Secondo quanto previsto da UNI 11337-7 e ISO 19650:

  • BIM Manager – Coordinamento generale e strategico.
  • BIM Coordinator – Gestione operativa e verifica modelli.
  • CDE Manager / Information Manager – Gestione del CDE e flussi informativi.

4.3 Formazione del personale tecnico

Le stazioni appaltanti devono dotarsi di personale formato secondo le linee guida della norma UNI/PdR 78:2020, oppure avvalersi di consulenti esterni qualificati.
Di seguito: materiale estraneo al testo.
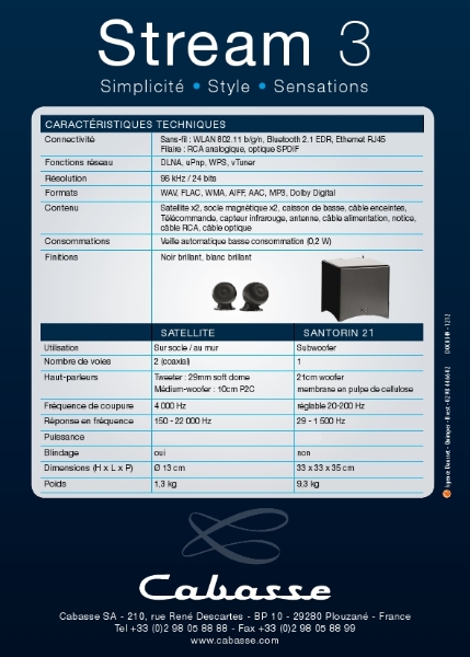 Toutes les infos sur le nouveau Cabasse Stream 3 ! Haute-Fidélité Sans Fil, Nomade et Multiroom by Guillaume - 23 janvier 201320 février 20140 Le nouveau système Cabasse Stream 3 pointe le bout de son caisson… A quoi s’attendre ? Quelles fonctionnalités ? Quel look ? Quelles caractéristiques techniques ? On vous raconte tout, preuves à l’appui ! C’était donc ça la « grosse surprise » qui nous avait été annoncée par Cabasse il y a quelques temps, et que nous relayions dans l’article « Les rumeurs qui font le Buzz ». Pas de casque donc, ni de dock iPhone… Mais on a largement de quoi se consoler avec ce système Cabasse Stream 3 qui s’annonce fort prometteur sur le papier ! Simplicité, style et sensations. Voici les 3 leitmotivs du dernier né de chez Cabasse. En effet, le Stream 3 se veut facile d’emploi, design, et convaincant sur le plan sonore : des qualités que l’on retrouvait déjà sur le Cinéole. Mais avec le Stream 3, le plus célèbre constructeur français ajoute des capacités réseau/multimédia hautement convoitées dans cette ère « numérique » où le streaming et les smartphones/tablettes sont fermement ancrés. Commençons par le look du Stream 3… Si vous avez aimé le Cinéole ou le pack 2.1 Eole 3, alors vous ne serez pas déçu car Cabasse a repris un design rigoureusement identique. Les satellites du Stream 3 n’étant autre que les déjà célèbres Eole 3, équipés du Coaxial à tweeter Soft Dome de 29 mm monté sur un HP de 100 mm à membrane P2C. En ce qui concerne le caisson, aucune surprise non plus, puisqu’on retrouve un Santorin 21 légèrement réétudié (filtrage revu, woofer 210 mm en pulpe de cellulose, BP 29Hz – 150 Hz). L’amplification est contenue dans le caisson, et l’on y découvre un module TSA120WBI de 120 « vrais » Watts. A noter que 80 Watts sont dédiés au caisson, et 2 x 20 Watts aux satellites. Sur la face arrière du caisson, on profite d’un potentiomètre de volume, d’un switch permettant de sélectionner parmi 2 types de mise en veille auto, d’un bornier propriétaire pour la connexion des satellites, et d’un bouton on/off. Les plus habitués de ce genre de ce système auront remarqué l’absence de crossover… Et pour cause : cette fonction est inutile dans la mesure où le filtre est parfaitement accordé au couple caisson/satellites ! Côté connectique, on retrouve une entrée RCA pour la connexion de n’importe quelle source de niveau ligne, et une entrée Optique assurant la prise en charge des sources numériques. Ah oui, puisqu’on parle de numérique… Ce Stream 3 adopte un circuit de conversion 24Bits/96kHz, ce qui est à l’heure actuelle amplement suffisant (pour rappel, un CD est échantillonné en 44,1kHz sur 16 bits). En fait, la vraie nouveauté de ce système 2.1 Cabasse Stream 3 réside dans ses capacités réseau/multimédia, elles-mêmes appuyées par un module Wi-Fi et une prise Ethernet. En plus d’être compatible DLNA (lecture des fichiers audio stockés sur un ordinateur ou un appareil compatible connecté au réseau), il assure une diffusion audio sans-fil via Bluetooth (streaming depuis n’importe quel smartphone/tablette/ordinateur doté du bluetooth 2.1), un accès aux radios web (des milliers dans le monde entier), ainsi qu’une prise en charge des protocoles uPnP et WPS. La compatibilité avec les différents formats de fichiers audio est également très appréciable, puisqu’on retrouve aux côtés des très connus MP3, WMA et FLAC, les plus discrets AIFF, WAV ou AAC. Le Dolby Digital est également de la partie. Enfin, pour piloter tout cela, le facteur de Mirecourt met à disposition une télécommande très design, et une application pour smartphones iOS/Android à la pointe du bon goût. Un sans faute. Avec un prix de 999€, des fonctionnalités dans l’air du temps, une esthétique très classe, et une sonorité dans la lignée des systèmes Cabasse, ce Stream 3 ne pas passera pas inaperçu ! D’autant qu’il est livré avec tous les accessoires nécessaires à sa connexion, dès la sortie de la boîte (câbles RCA et Optique, socles pour satellites, câbles d’enceintes, télécommande, cordon d’alimentation, notice…). Bien vu M’sieur Cabasse ! Le pack 2.1 Cabasse Stream 3 est proposé en finition Noire Laquée ou Blanche Laquée. Présentation vidéo officielle du pack 2.1 Cabasse Stream 3 : Galerie de visuels du Cabasse Stream 3 :

5. Come Adeguarsi: Implementazione Pratica

5.1 A livello di committenza pubblica

  1. Definire una strategia di digitalizzazione coerente con le norme ISO e UNI.
  2. Acquisire o configurare un CDE certificato o conforme alla ISO 19650.
  3. Redigere il Capitolato Informativo per ogni procedura di gara.
  4. Formare o selezionare risorse BIM interne o in outsourcing.
  5. Monitorare i processi con strumenti di controllo e audit digitale.

5.2 A livello di operatori economici

  1. Rispondere al CI con un BIM Execution Plan (BEP) strutturato (pre e post-assegnazione).
  2. Adeguare i software e gli standard interni a quelli richiesti.
  3. Utilizzare un CDE interoperabile e garantire la tracciabilità.
  4. Adottare un sistema di gestione informativa (IMS) interno conforme alla ISO 19650-2.
  5. Gestire le consegne informatiche (deliverables) secondo il cronoprogramma MIDP.

Conclusioni

L’introduzione della norma ISO 19650 e l’adozione di un CDE strutturato non rappresentano solo una formalità tecnica, ma sono il fondamento per una gestione trasparente, efficiente e tracciabile dei progetti pubblici in ambito BIM.

L’adeguamento a tali requisiti non può essere improvvisato: richiede pianificazione, competenze e strumenti adeguati. Le stazioni appaltanti che si dotano di una infrastruttura informativa conforme alla ISO 19650 possono beneficiare di una maggiore qualità progettuale, riduzione degli errori e ottimizzazione dei costi lungo l’intero ciclo di vita dell’opera.